[ABOUT THIS TASK]
The lines to extract begin at the line that contains "Market Summary -QY" and run through the last line of the listing; reproduce them exactly, minus any pictures.

[DATA BELOW]
┌──

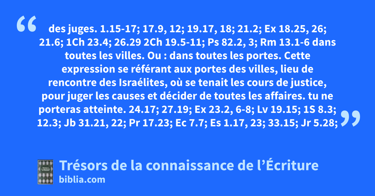 des juges. 1.15-17; 17.9, 12; 19.17, 18; 21.2; Ex 18.25, 26; 21.6; 1Ch 23.4; 26.29 2Ch 19.5-11; Ps 82.2, 3; Rm 13.1-6 dans toutes les villes. Ou : dans toutes les portes. Cette expression se référant aux portes des villes, lieu de rencontre des Israélites, où se tenait les cours de justice, pour juger les causes et décider de toutes les affaires.
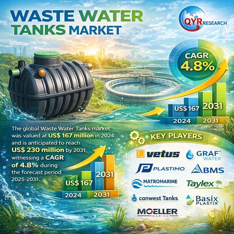 Market Summary -QY Research has released a new in-depth industry study titled "Global Waste Water Tanks Market Share and Ranking, Overall Sales and Demand Forecast 2025-2031." The report provides a comprehensive, data-driven evaluation of the global Waste Water Tanks market, supporting manufacturers, suppliers, investors, and policymakers in making informed decisions and identifying long-term growth opportunities.
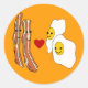 Pegatina Redonda Bacon ama Huevos Gracioso Diseño de Bacon
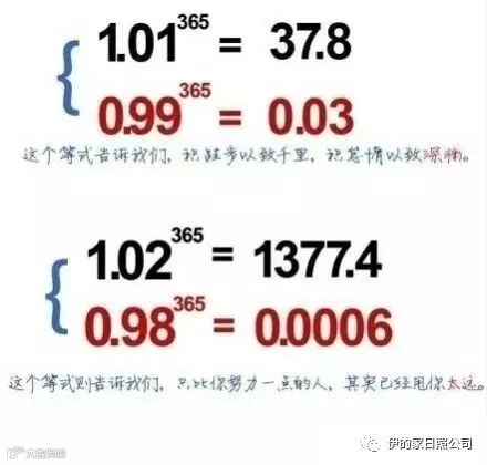 1.01的365次方,如果你每天进步一点点,一年以后,你将进步很大,远远大于“1”。

└──

[SOLUTION BELOW]
 Market Summary -QY Research has released a new in-depth industry study titled "Global Waste Water Tanks Market Share and Ranking, Overall Sales and Demand Forecast 2025-2031." The report provides a comprehensive, data-driven evaluation of the global Waste Water Tanks market, supporting manufacturers, suppliers, investors, and policymakers in making informed decisions and identifying long-term growth opportunities.
 Pegatina Redonda Bacon ama Huevos Gracioso Diseño de Bacon
 1.01的365次方,如果你每天进步一点点,一年以后,你将进步很大,远远大于“1”。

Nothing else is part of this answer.